Harry just grinned, tugging Draco easily along with him. “Come on. It isn’t scary at all, I promise,” he coaxed. “It goes really slow, plus the view is great. Just give it a chance.”

“Why should I?” Draco challenged.

Harry chuckled, gently cupping Draco’s chin and tilting his head down to press their lips together. He felt Draco melt against him and smiled into the kiss, teasing Draco by darting out his tongue to lick at the seam of his lips and pulling away abruptly before Draco could react.

“That’s not fair,” Draco protested, but Harry was already pulling him onto the ride, grinning mischievously, knowing full well that although Draco complained, he would indulge Harry anyway.

Sure enough, Harry managed to get him into a carriage with minimal protests, bringing the safety bar down over their laps and laughing when Draco muttered something about feeling like a caged animal. The ride slowly started up, whirring to life with a soft hum, and Draco automatically clutched Harry’s arm a little tighter. Harry wrapped an arm around him and grinned.

“Scared, Malfoy?” Harry asked, quirking an eyebrow.

Draco clearly was, but he tilted his chin upwards defiantly. “You wish,” he smirked, just as the wheel gave a short lurch. Draco jumped and subconsciously leaned further into Harry, who held him tighter to reassure him.

Eventually, Draco relaxed slightly and turned his attention to the view laid out before them.

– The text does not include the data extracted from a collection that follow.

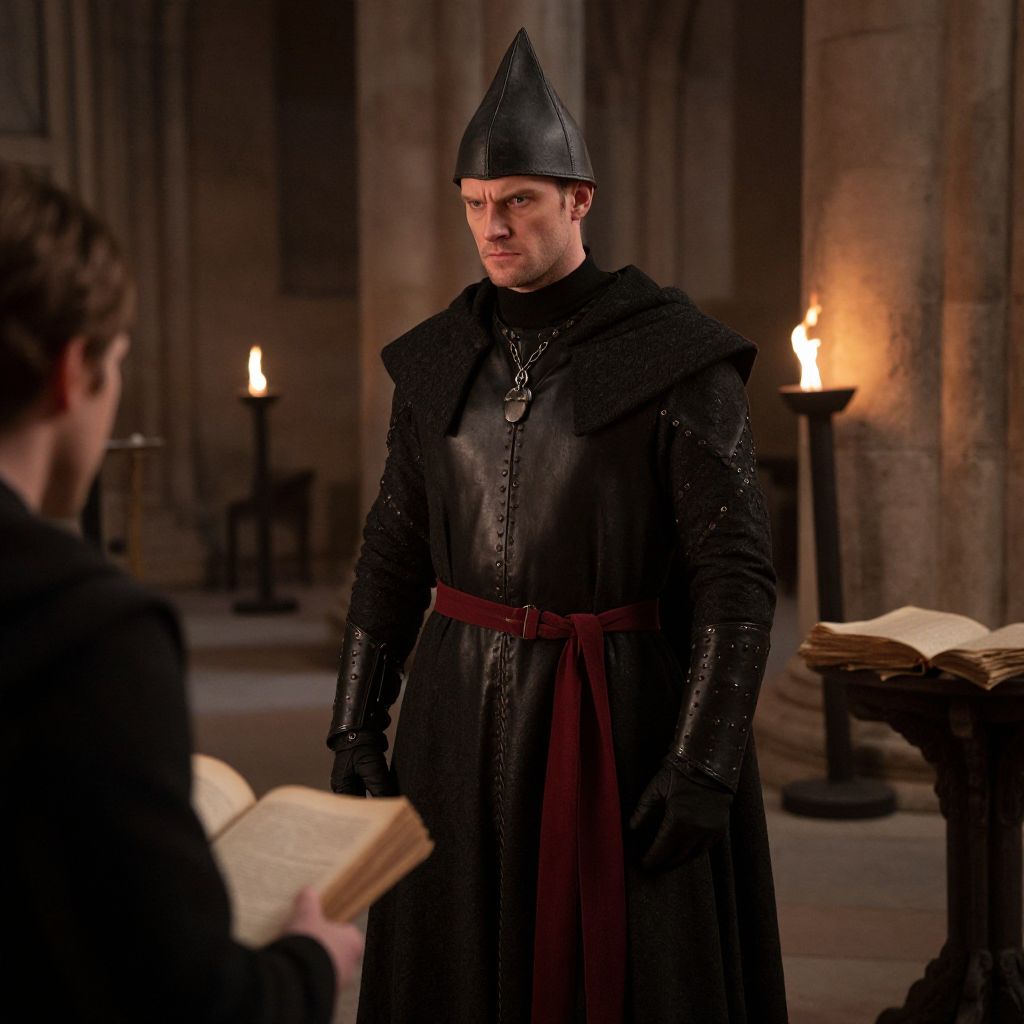 A realistic photograph of a tall, intense man in an inquisitor costume, wearing a dark, pointed hat, leather armor, and a long black robe with a crimson sash, standing in a dimly lit medieval cathedral filled with torches and old manuscripts, his face stern and focused, eyes narrowing as he turns to look at a nearby accused person.
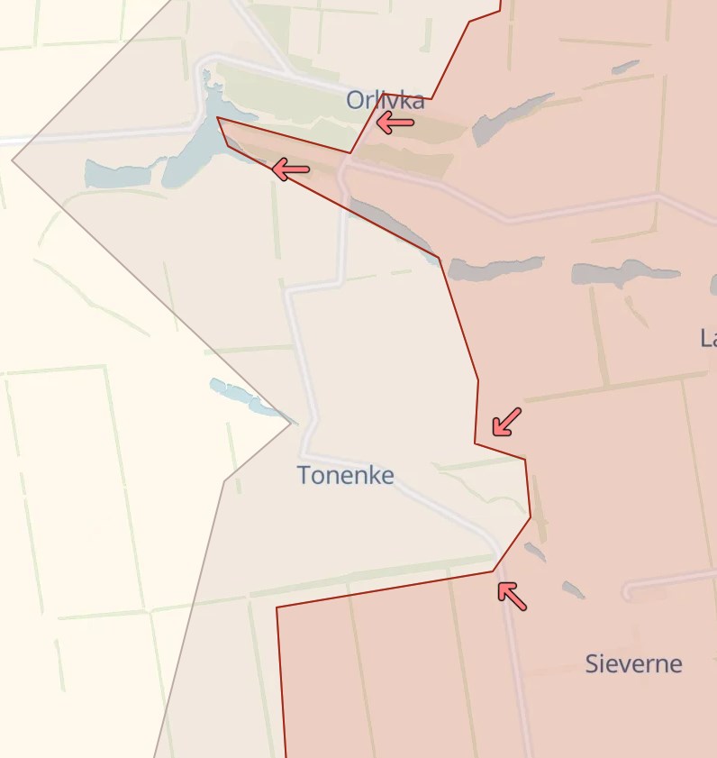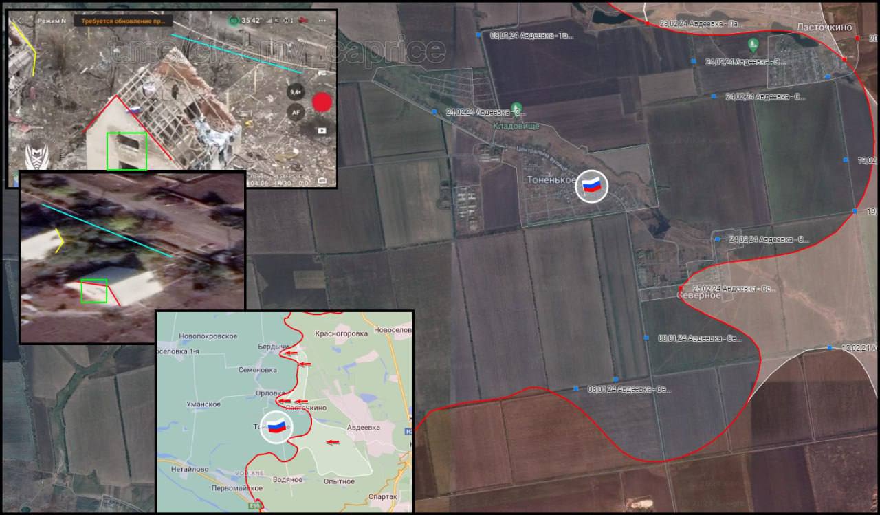 Российские телеграм-каналы заявляют о захвате Тоненького к западу от Авдеевки и к югу от Орловки, куда уже вошли российские войска. Украина этого не подтверждала.
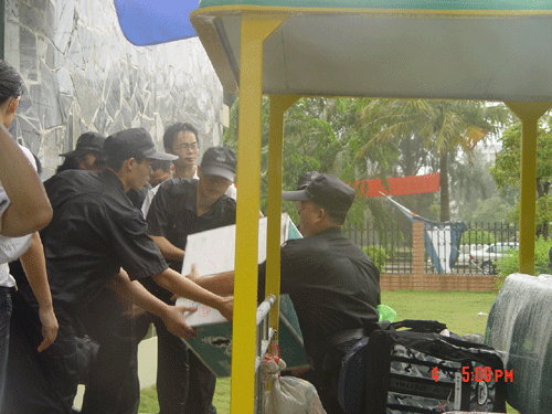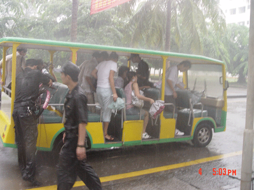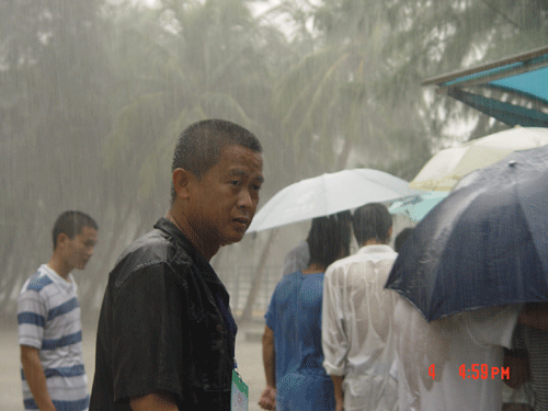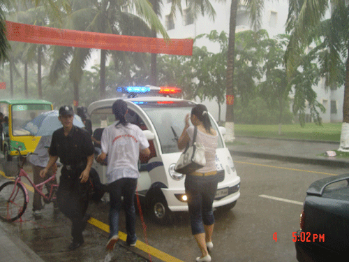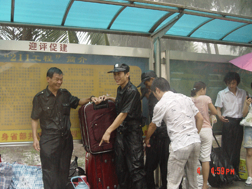 2007年9月4日下午四时许,我校儋州校区第二次师生搬迁车队顺利到达海甸校区,正当大家兴高采烈帮忙新来的同学搬运行李的时候,天公却不作美,瞬间阴云密布,暴雨说来就来。眼看着那么多同学们堆放在校道上的行李就要面临被淋湿的可能。为了尽可能的减少同学们的财产损失,保卫处全体干警及校卫队员不畏风雨,在青年志愿者的协助下,继续在暴雨中组织车辆把同学的行李转移到安全的地方,然后又将同学们的财产进行归类,分送到同学们所在的楼管处,确保了同学们财产安全。在战斗中有的同志鞋子泡坏了,手机被淋坏了,但他们全然不顾,
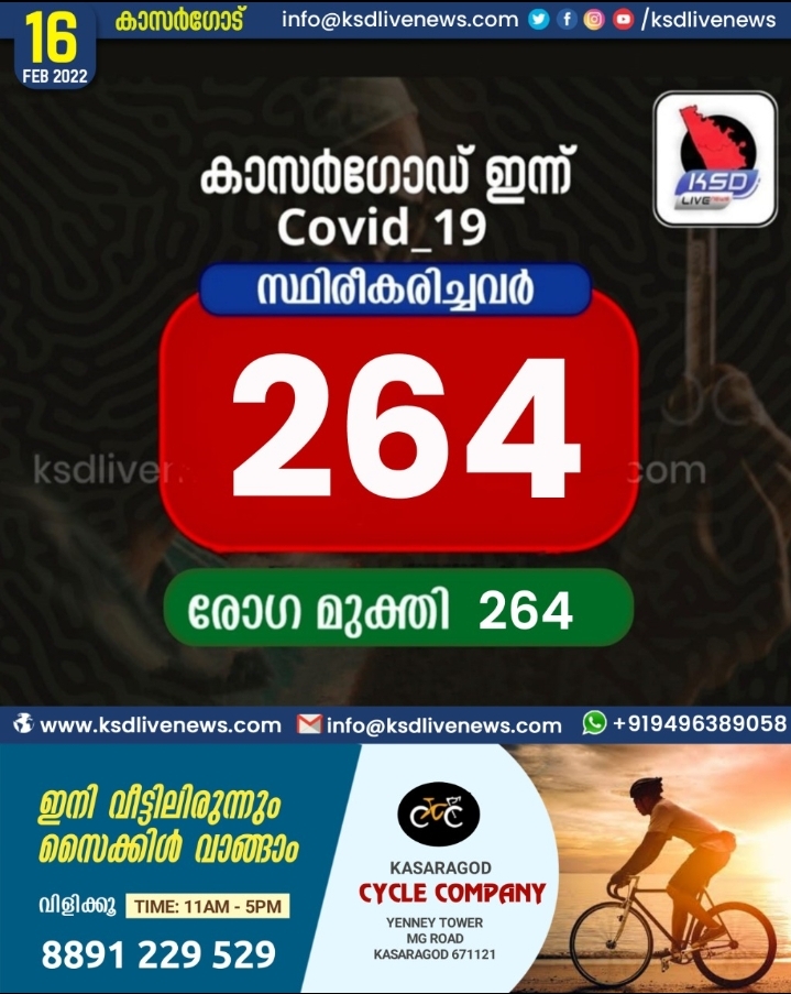 കാസര്കോട് ജില്ലയിൽ പേർ 264കൂടി കോവിഡ്-19 പോസിറ്റീവായി. ചികിത്സയിലുണ്ടായിരുന്ന 308
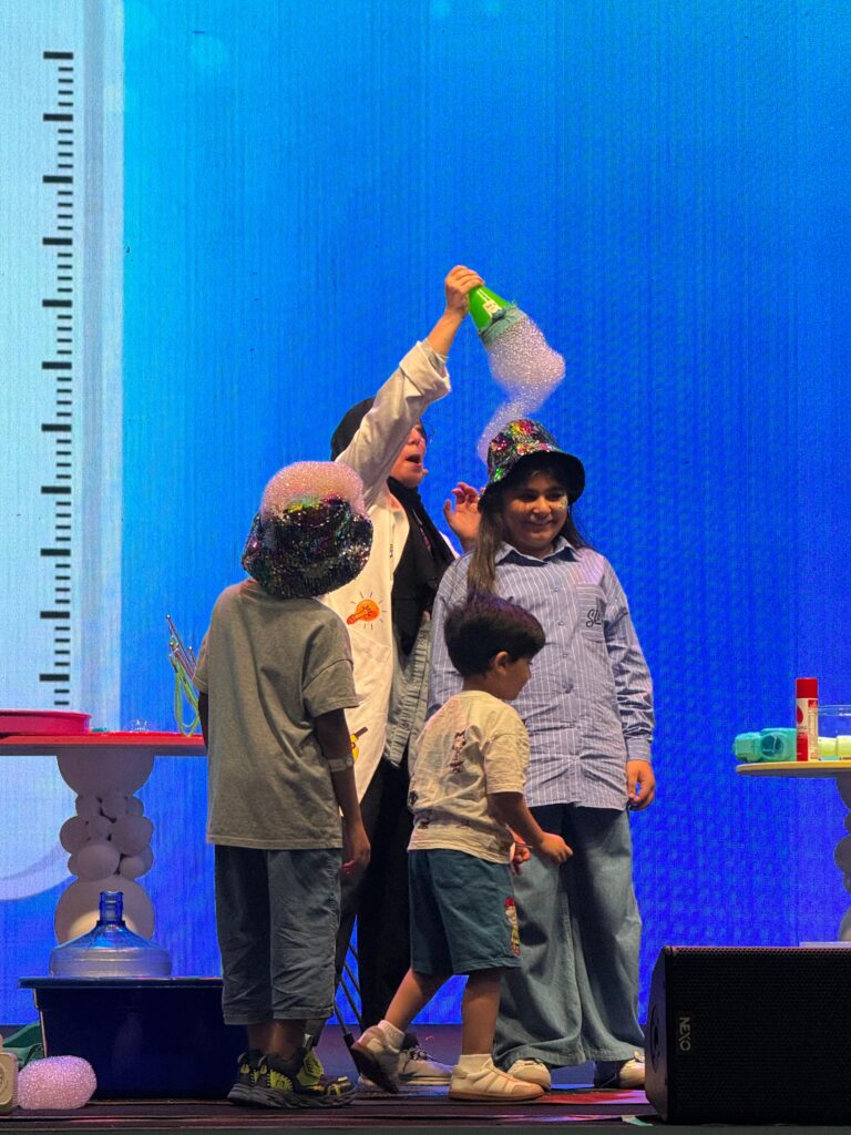 بروفيسور الفقاعات عالم شغوف بالتجارب والدهشة، يؤمن أن أبسط الأشياء يمكن أن تتحول إلى سحر علمي مدهش. لا يقدّم العلم بطريقة تقليدية، بل يحوّل الفقاعات إلى عروض مليئة بالإثارة والتجارب التفاعلية. من خلال الفقاعات العملاقة والتجارب المدهشة يكتشف الجمهور كيف تختبئ قوانين الفيزياء والكيمياء داخل فقاعة صغيرة، ليتحول الفضول إلى معرفة والمتعة إلى اكتشاف علمي.

“Worth it?” Harry asked, a teasing note to his voice.

Draco sniffed, acting unimpressed. “It’s alright.” He turned towards Harry. “Nothing compared to what I’m looking at now.”

Harry laughed, although he couldn’t help the heat that rushed to his cheeks at the comment. “Now who’s sprouting Hufflepuff-worthy lines?”

“Shut up,” Draco scoffed.

Harry laughed again, opening his mouth to mock him further, but Draco hurriedly cut him off by grabbing Harry’s shirt and tugging him forward, crushing their mouths together. Harry sighed contentedly as Draco’s lips moved against his and cupped Draco’s face tenderly in his hands.

“You doing that out of the kindness of your heart, or just to shut me up?” Harry asked when they parted.

“I’ve found that snogging is an excellent method to keep people quiet,” Draco responded, and when he sensed Harry was about to protest, he pulled him in for another kiss. By now, Harry already knew that he was being forcefully shut up, but he found that he didn’t care in the slightest.

The ride suddenly lurched to a halt and they pulled away with a start. Harry glanced down and realised that they were at the very top of the Ferris wheel, which, for some unknown reason, had completely stopped moving.

“What the hell –” began Draco.

A very muffled voice was shouting beneath them, several hundred feet away, more resembling an ant than a person. “Sorry!” the worker manning the ride yelled. “I don’t know...broken...contractor!” His voice seemed too soft to make out the entire coherent sentence, and a few seconds later, the worker turned and dashed off through the amusement park.

Draco crossed his arms sourly upon realising their predicament. “What did I tell you about Muggle contraptions, Potter?” he growled, determinedly turning away from him.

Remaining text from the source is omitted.